Problem to work on: Within the entries below, the lines from the one with "1枚でオシャレ見えが叶う 減齢 トップス" through the one with "Fue ahí cuando" are to be set down exactly, both ends kept.

Source material:
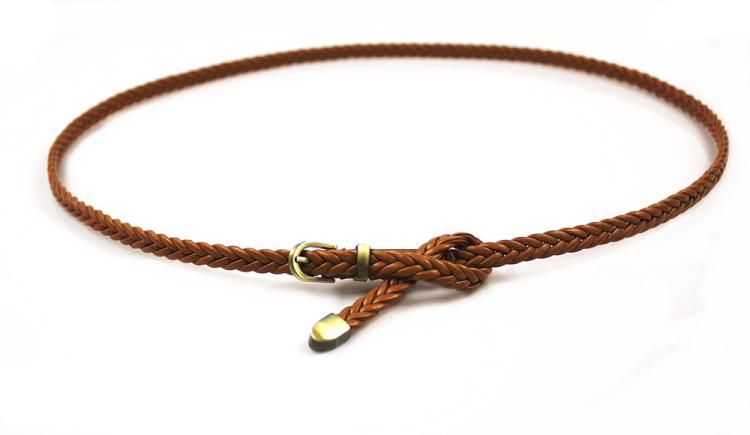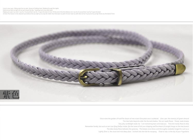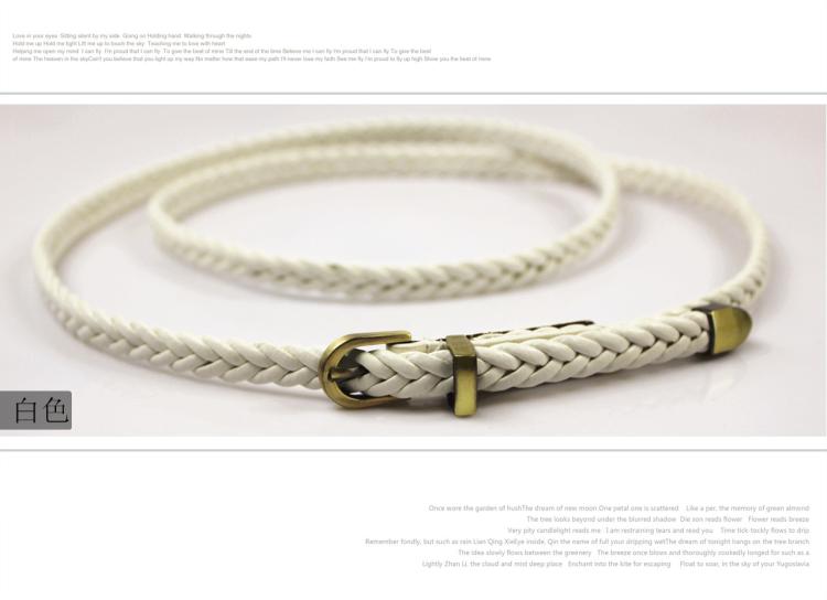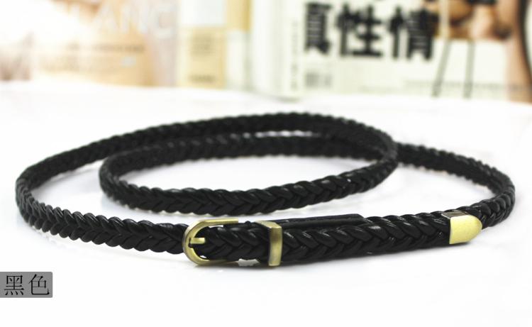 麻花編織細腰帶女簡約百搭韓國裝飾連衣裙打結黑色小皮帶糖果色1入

==

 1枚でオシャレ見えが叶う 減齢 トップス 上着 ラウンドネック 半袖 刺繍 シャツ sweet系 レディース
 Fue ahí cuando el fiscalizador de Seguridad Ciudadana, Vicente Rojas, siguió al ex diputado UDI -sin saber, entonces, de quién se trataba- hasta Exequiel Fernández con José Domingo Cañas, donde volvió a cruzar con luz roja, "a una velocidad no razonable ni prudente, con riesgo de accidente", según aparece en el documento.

Response to the task:
 1枚でオシャレ見えが叶う 減齢 トップス 上着 ラウンドネック 半袖 刺繍 シャツ sweet系 レディース
 Fue ahí cuando el fiscalizador de Seguridad Ciudadana, Vicente Rojas, siguió al ex diputado UDI -sin saber, entonces, de quién se trataba- hasta Exequiel Fernández con José Domingo Cañas, donde volvió a cruzar con luz roja, "a una velocidad no razonable ni prudente, con riesgo de accidente", según aparece en el documento.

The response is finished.